Problem requirements: Once the line holding "4. 半袖ブラックスカラップレースアシメぺプラム切り替えストレッチタイトロングドレス (Sサイズ~XXLサイズ)" is found in the entries below, transcribe exactly every line up to and including the one holding "3月10日,扶绥县职业技术学", but leave out the pictures.

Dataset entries
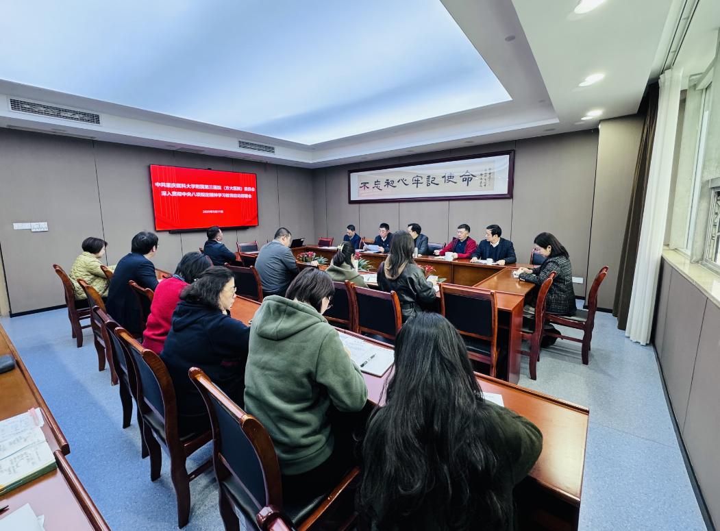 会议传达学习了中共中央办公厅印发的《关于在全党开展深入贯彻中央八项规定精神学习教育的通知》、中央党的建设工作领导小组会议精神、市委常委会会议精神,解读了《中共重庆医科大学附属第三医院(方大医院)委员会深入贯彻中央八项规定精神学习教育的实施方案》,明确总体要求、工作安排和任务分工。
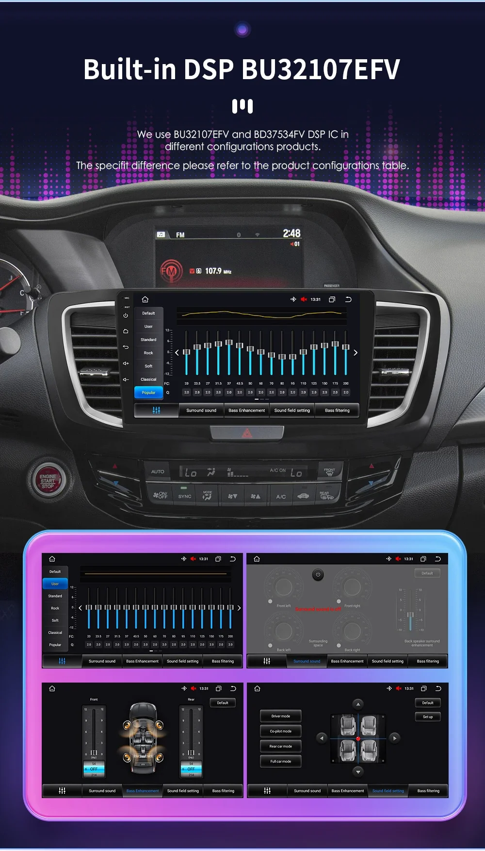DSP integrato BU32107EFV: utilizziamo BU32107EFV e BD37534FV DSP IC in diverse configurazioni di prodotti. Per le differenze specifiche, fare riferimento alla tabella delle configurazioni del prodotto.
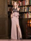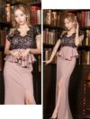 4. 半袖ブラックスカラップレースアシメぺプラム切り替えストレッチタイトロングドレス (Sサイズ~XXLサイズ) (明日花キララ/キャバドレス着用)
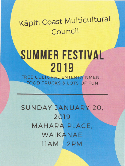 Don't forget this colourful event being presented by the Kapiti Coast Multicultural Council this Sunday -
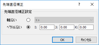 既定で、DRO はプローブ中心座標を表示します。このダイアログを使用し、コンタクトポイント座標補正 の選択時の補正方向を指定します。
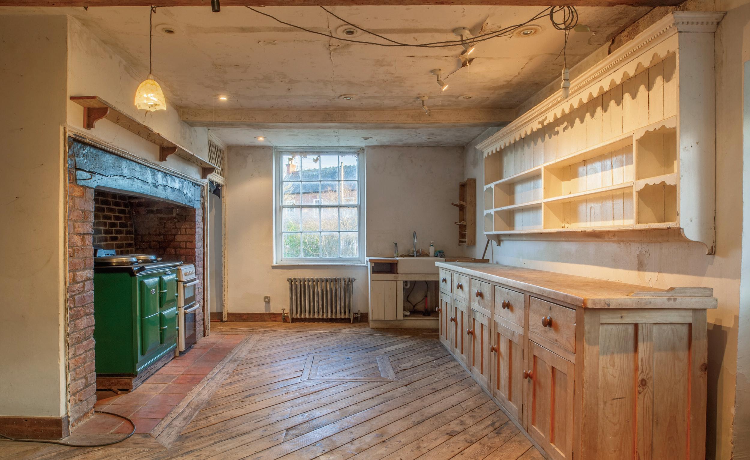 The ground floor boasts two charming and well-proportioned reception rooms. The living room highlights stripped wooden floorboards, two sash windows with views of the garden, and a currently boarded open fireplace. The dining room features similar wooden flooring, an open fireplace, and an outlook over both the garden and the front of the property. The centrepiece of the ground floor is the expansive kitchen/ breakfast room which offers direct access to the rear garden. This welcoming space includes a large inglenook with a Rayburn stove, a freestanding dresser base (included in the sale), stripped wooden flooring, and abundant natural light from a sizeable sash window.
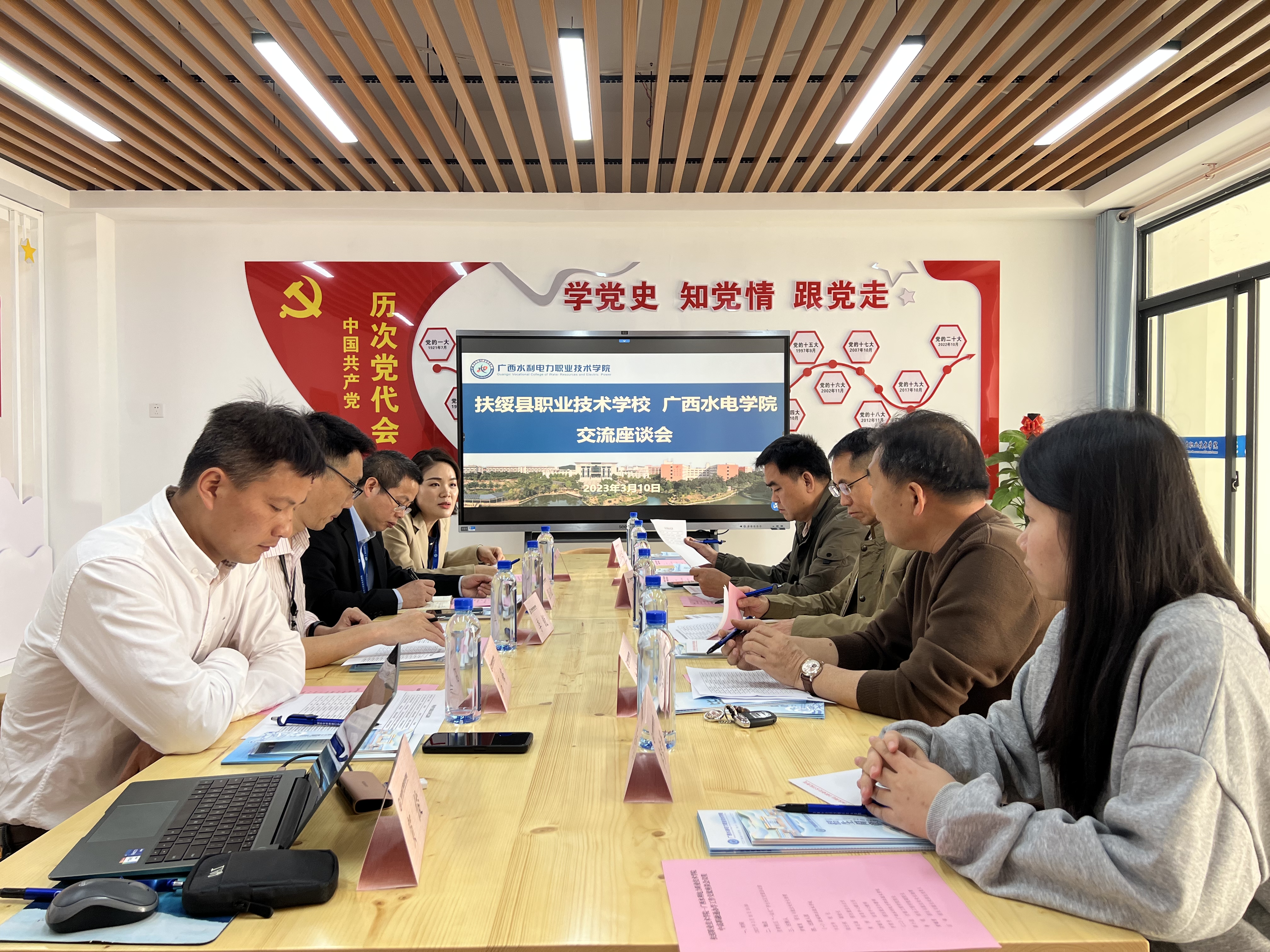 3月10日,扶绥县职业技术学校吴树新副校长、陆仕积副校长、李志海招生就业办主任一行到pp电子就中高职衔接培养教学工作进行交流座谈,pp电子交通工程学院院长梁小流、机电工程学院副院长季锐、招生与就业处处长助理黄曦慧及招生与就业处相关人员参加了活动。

==

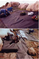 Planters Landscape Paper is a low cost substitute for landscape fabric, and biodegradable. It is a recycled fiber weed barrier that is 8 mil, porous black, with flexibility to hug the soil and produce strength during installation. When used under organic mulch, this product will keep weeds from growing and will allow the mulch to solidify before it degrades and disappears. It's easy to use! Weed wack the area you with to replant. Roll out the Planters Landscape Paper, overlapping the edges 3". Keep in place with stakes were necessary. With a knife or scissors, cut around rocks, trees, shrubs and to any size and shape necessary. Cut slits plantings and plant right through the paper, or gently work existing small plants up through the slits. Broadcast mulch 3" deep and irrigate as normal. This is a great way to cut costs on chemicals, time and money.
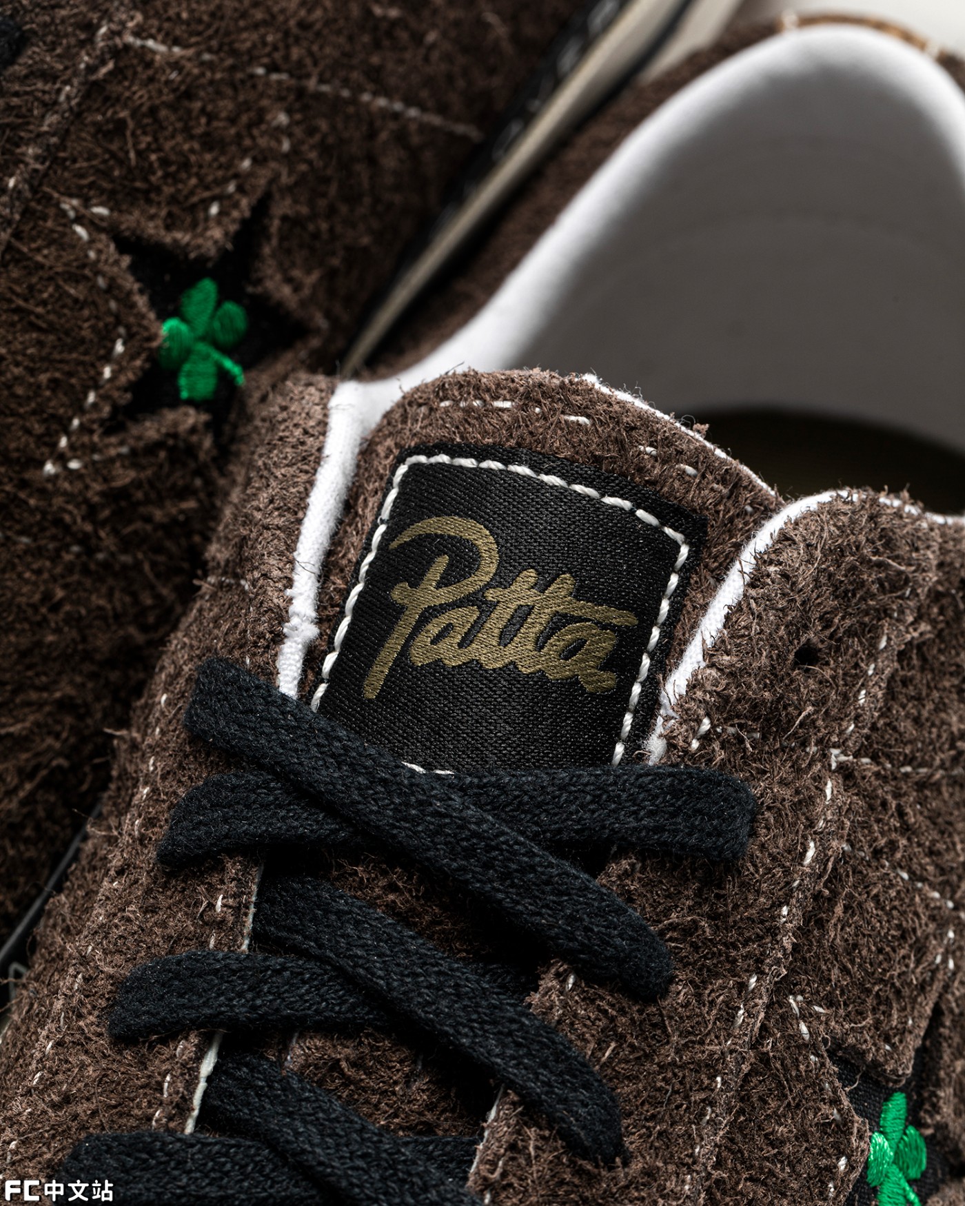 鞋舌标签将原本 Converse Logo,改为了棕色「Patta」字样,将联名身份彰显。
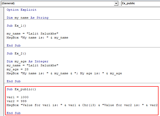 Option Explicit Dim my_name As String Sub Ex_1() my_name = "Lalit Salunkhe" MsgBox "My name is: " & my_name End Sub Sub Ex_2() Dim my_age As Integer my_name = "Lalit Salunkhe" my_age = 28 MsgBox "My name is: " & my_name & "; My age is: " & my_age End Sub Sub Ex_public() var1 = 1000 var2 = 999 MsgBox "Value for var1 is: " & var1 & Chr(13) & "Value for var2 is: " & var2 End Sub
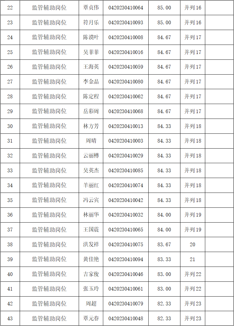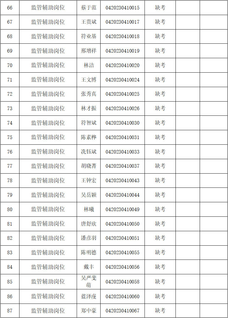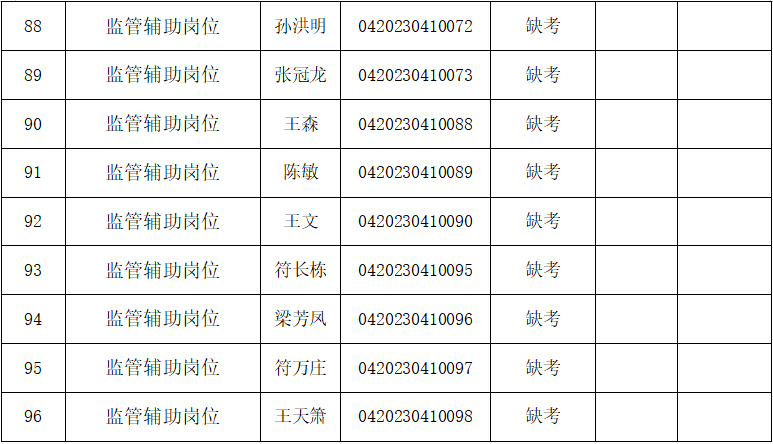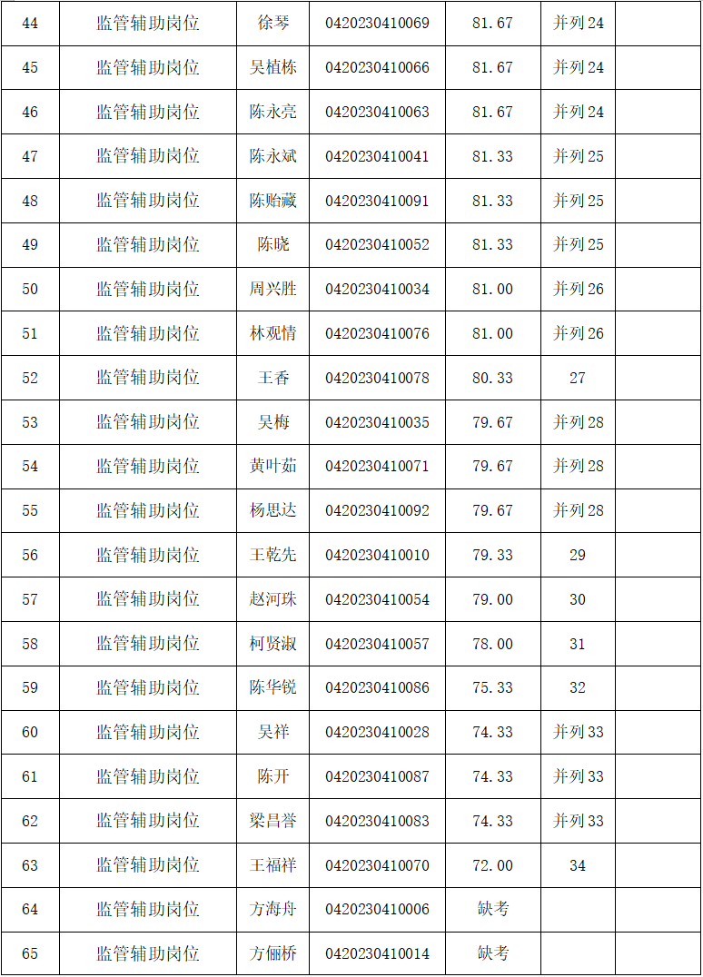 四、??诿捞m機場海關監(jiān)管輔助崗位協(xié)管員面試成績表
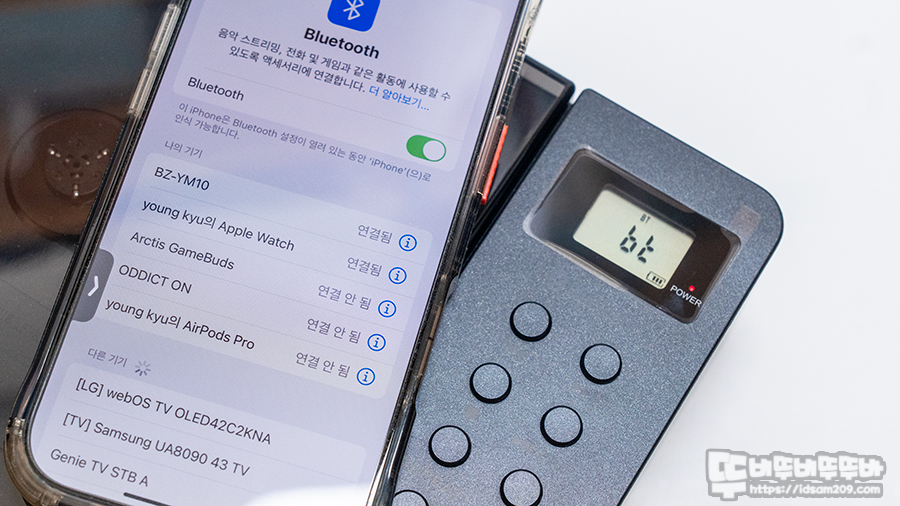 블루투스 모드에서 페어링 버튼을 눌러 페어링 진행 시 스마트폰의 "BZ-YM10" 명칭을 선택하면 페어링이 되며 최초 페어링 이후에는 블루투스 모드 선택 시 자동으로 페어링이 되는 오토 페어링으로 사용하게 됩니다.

Output of the exercise:
 4. 半袖ブラックスカラップレースアシメぺプラム切り替えストレッチタイトロングドレス (Sサイズ~XXLサイズ) (明日花キララ/キャバドレス着用)
 Don't forget this colourful event being presented by the Kapiti Coast Multicultural Council this Sunday -
 既定で、DRO はプローブ中心座標を表示します。このダイアログを使用し、コンタクトポイント座標補正 の選択時の補正方向を指定します。
 The ground floor boasts two charming and well-proportioned reception rooms. The living room highlights stripped wooden floorboards, two sash windows with views of the garden, and a currently boarded open fireplace. The dining room features similar wooden flooring, an open fireplace, and an outlook over both the garden and the front of the property. The centrepiece of the ground floor is the expansive kitchen/ breakfast room which offers direct access to the rear garden. This welcoming space includes a large inglenook with a Rayburn stove, a freestanding dresser base (included in the sale), stripped wooden flooring, and abundant natural light from a sizeable sash window.
 3月10日,扶绥县职业技术学校吴树新副校长、陆仕积副校长、李志海招生就业办主任一行到pp电子就中高职衔接培养教学工作进行交流座谈,pp电子交通工程学院院长梁小流、机电工程学院副院长季锐、招生与就业处处长助理黄曦慧及招生与就业处相关人员参加了活动。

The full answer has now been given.